# Reel & Line for Meridian 9Wt



## Riplip (Apr 17, 2019)

Looking for a saltwater reel and line that will balance well on my Scott Meridian 9wt', which will primarily be used for Permit. Thank you.


----------



## Crazy Larry (Nov 8, 2017)

I recently picked up 9wt Meridian. I really love this rod. I hung the Ross Evolution R Salt 9/10 on it with Wulff Triangle Taper Saltwater Intermediate (I'm up north). Ross says the reel is 8oz. This setup balances really well for me.


----------



## 994 (Apr 14, 2008)

I have tried my Meridians with about every combination of reels and lines and it handles them all. It really comes down to the type of fishing YOU are doing. Just saying “Permit” is too ambiguous. What kind of permit fishing? Large or small flies, weighted or unweighted, deep or shallow water, etc. Narrow that down and then look for a taper that fits. Also, Rio makes a Permit line which is great.


----------



## RaspberryPatch (Dec 17, 2016)

Scott has on their website line recommendations. This and an interview with Jim B of Scott (with April V), their basic message is that they design them for true line weights, so do you do not need to over-weight them.

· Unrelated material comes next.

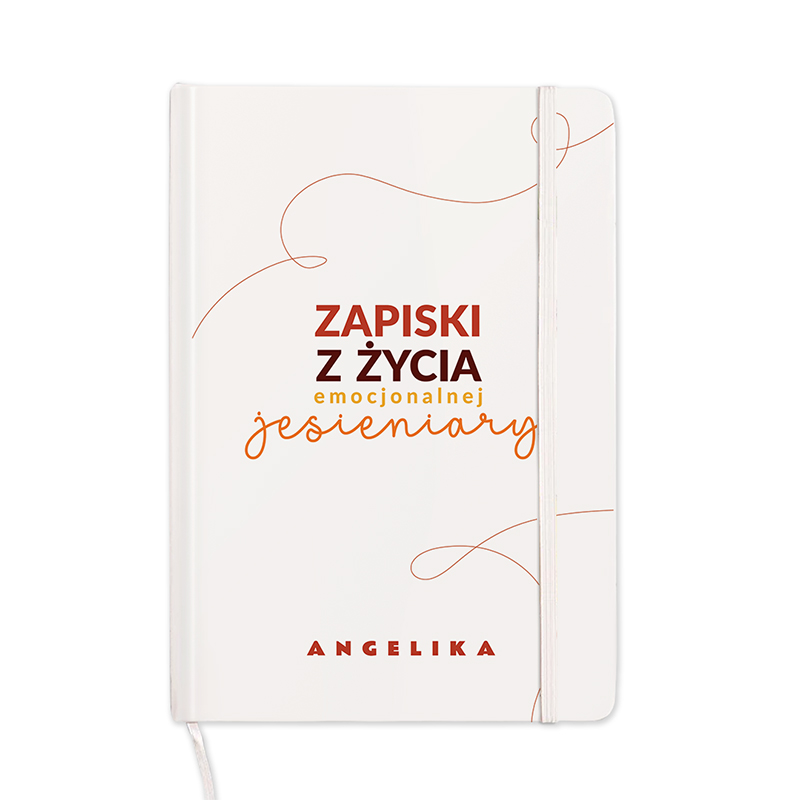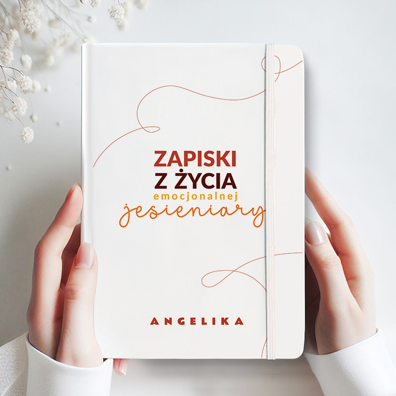 Na okładce notatnika emocjonalnej jesieniary z imieniem znajduje się napis: „Zapiski z życia emocjonalnej jesieniary” oraz imię właścicielki. Prosty, minimalistyczny design w ciepłych odcieniach brązu i pomarańczu oddaje esencję jesieni – spokój, delikatność i nutę nostalgii. Notatnik ma twardą okładkę i elastyczną gumkę, która pozwala bezpiecznie przechowywać zapiski, listy czy szkice. W środku znajdują się kartki w kratke, gotowe na zapisywanie planów dnia, pomysłów, cytatów albo inspiracji. Format jest poręczny, dzięki czemu można zabrać notatnik ze sobą wszędzie – do kawiarni, pracy czy na spacer po parku. Personalizowane imię na okładce sprawia, że staje się on wyjątkowym towarzyszem codzienności, który łączy praktyczność z odrobiną sentymentu. Ponadto okładka ma subtelny, elegancki charakter, dzięki czemu pasuje zarówno do domowego biurka, jak i do torebki. To nie tylko zeszyt, ale mała przestrzeń, w której można uporządkować swoje emocje i myśli.

Now, I just complete the line game with Airflo, RIO, Cortland, et cetera for my 8wt and I found what I like best was not an over weight line. Yes, it can handle a RIO Quickshooter and a Airflo Tropic Punch, but accuracy and line presentations (prefer by wife and I) was the Cortland Tropic Bonefish and then the RIO Bonefish. This was with a 12' leader to 10# with a bead-chain weighted eye onto the water, target casting.

Mileage will vary, depending on leader, how you want to present, et cetera, but the rod is forgiving and I would start with classic line.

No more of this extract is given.